- [Assigned task]: What is needed is an exact repetition of the lines from the first one in the data through the line with "The flag of", with no pictures.

- [Source material]:

Content starts

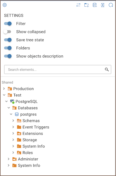 - Database objects (varying by database type, such as Tables, Views, Indexes, etc.)
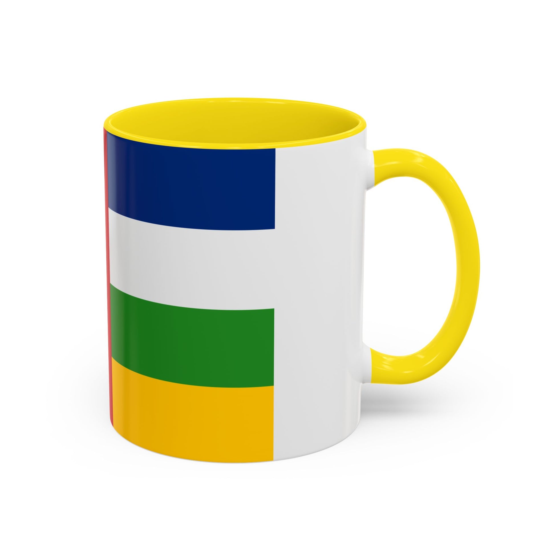 The flag of the Central African Republic features four horizontal bands of blue, white, green, and yellow crossed by a vertical red band, with a yellow five-pointed star in the upper hoist corner. Blue represents freedom, white symbolizes purity, green stands for hope, and yellow reflects tolerance. The red vertical stripe represents the blood uniting all Africans, while the star signifies independence. Using the Central African Republic Mug allows you to celebrate these meaningful national symbols with every drink.
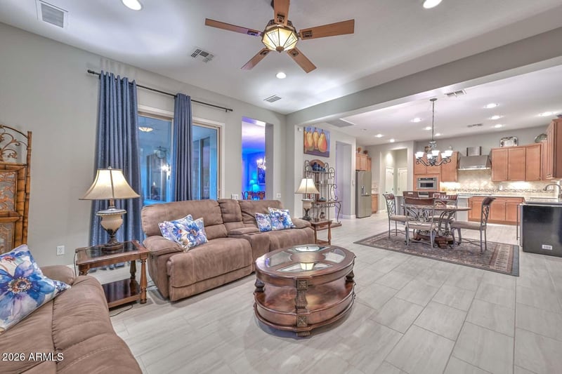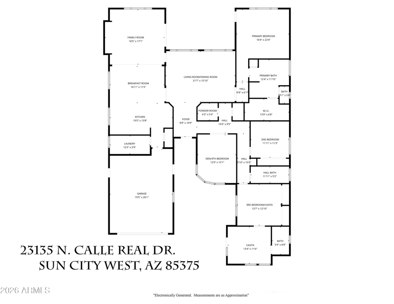 Listing details for 23135 Calle Real Dr, Sun City West, AZ 85375 : Perfectly positioned on a ΒΌ Acre Lot adjacent to a scenic walking path, this residence offers both privacy & tranquility within the prestigious guard-gated Corte Bella Country Club community. From the moment you arrive, the care, quality, and thoughtful upgrades of this exceptional home are immediately evident. A charming gated courtyard creates a warm & inviting entry, setting the tone for the elegance that unfolds inside. Step through the foyer into the Formal Living & Dining areas, where expansive picture windows draw your eye to the beautifully designed backyard, complete with a covered patio, remote-controlled awning, & a striking stone fountain waterfall that creates a peaceful, resort-style ambiance. The heart of the home is the Great Room, where refined comfort meets modern convenience. Enhanced with surround sound & a custom-built-in entertainment unit, it flows seamlessly into the upgraded Kitchen. Here, you'll find exquisite cabinetry with rope detailing & crown molding, under-cabinet lighting, quartz countertops, a generous center island with bar seating, LG stainless steel appliances, & a premium Kraus single-basin sink, every element thoughtfully selected for both beauty & function. The Primary Suite is a private retreat offering dual vanities, a luxurious jetted soaking tub, walk-in shower, & an expansive walk-in closet. Throughout the home, you'll appreciate the abundance of storage & the elevated finishes, including newer porcelain tile flooring in all main living areas, plush carpeting in the bedrooms, & custom window treatments that add warmth & sophistication. Designed with flexibility in mind, the home features a full private Casita with its own entrance, ideal for guests or Multi-Generational Living. The versatile 4th bedroom, complete with a solid wood Murphy bed, easily transitions into an Office or Den to suit your lifestyle. Step outside to a backyard designed for both relaxation and entertaining, featuring a built-in BBQ area, gas fire pit, enhanced landscape lighting, & an updated PVC irrigation system with new valves, ensuring beauty and efficiency year-round. Significant system upgrades provide peace of mind, including two brand-new Trane HVAC units (2026) & a sophisticated CCTV security system installed in 2022, along with an upgraded breaker box and additional electrical sub-panel. With a nod to green technology, this home contains the H2O Concepts Whole House water purification system. Even the garage has been elevated with high-quality built-in cabinetry, workbenches, & a utility sink. Enhancements include iron fencing on the pony wall for additional security and privacy. A spacious laundry room with upper & lower cabinetry, counter space, & a utility sink, along with updated bathrooms featuring new toilets and an upgraded 5/8-inch glass shower door in the hall bath. Energy efficiency is enhanced with fully prepaid solar panels. With over $110,000 in upgrades, this home is a seamless blend of elegance, comfort, and modern efficiency. An exceptional opportunity to enjoy refined living in one of the area's most sought-after communities.

Content ends

- [The answer]:
 - Database objects (varying by database type, such as Tables, Views, Indexes, etc.)
 The flag of the Central African Republic features four horizontal bands of blue, white, green, and yellow crossed by a vertical red band, with a yellow five-pointed star in the upper hoist corner. Blue represents freedom, white symbolizes purity, green stands for hope, and yellow reflects tolerance. The red vertical stripe represents the blood uniting all Africans, while the star signifies independence. Using the Central African Republic Mug allows you to celebrate these meaningful national symbols with every drink.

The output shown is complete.